The company began as a dye manufacturer in 1865. Fritz Haber worked with Carl Bosch, one of its employees, to invent the Haber-Bosch process by 1912, after which the company grew rapidly. In 1925, the company merged with several other German chemical companies to become the chemicals conglomerate IG Farben. IG Farben would go on to play a major role in the economy of Nazi Germany.

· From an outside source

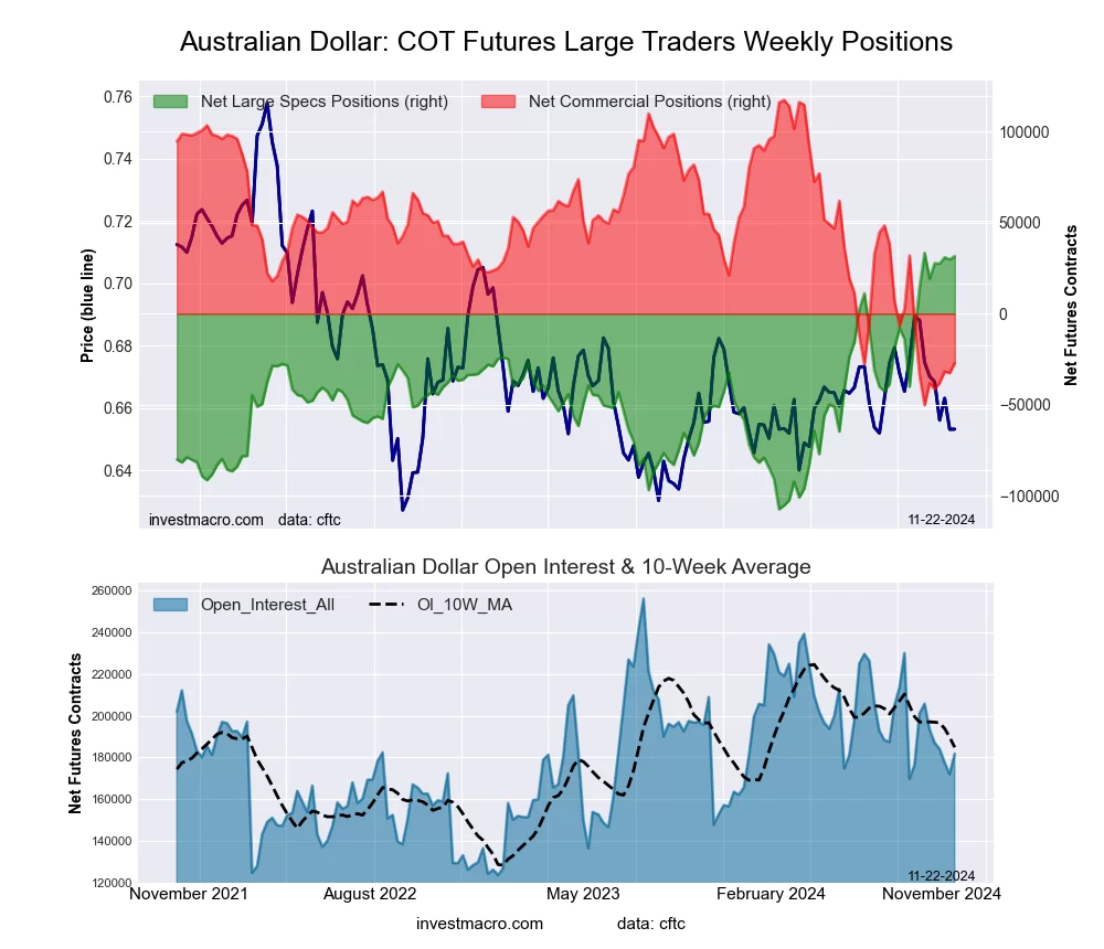 The Australian Dollar large speculator standing this week totaled a net position of 31,598 contracts in the data reported through Tuesday. This was a weekly gain of 1,803 contracts from the previous week which had a total of 29,795 net contracts.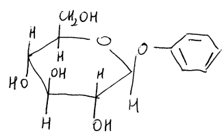 Do grupy hydroksylowej przy pierwszym atomie węgla w cząsteczce glukozy podłączamy pierścień aromatyczny stanowiący resztę z fenolu w pozycji .

It extensively employed forced and slave labor during the Nazi period, and produced the notorious Zyklon B chemical used in the Holocaust. IG Farben was disestablished by the Allies in 1945. BASF was reconstituted from the remnants of IG Farben in 1952. It was part of the German economic miracle, and has since expanded considerably. It has received modern criticism for its poor environmental record.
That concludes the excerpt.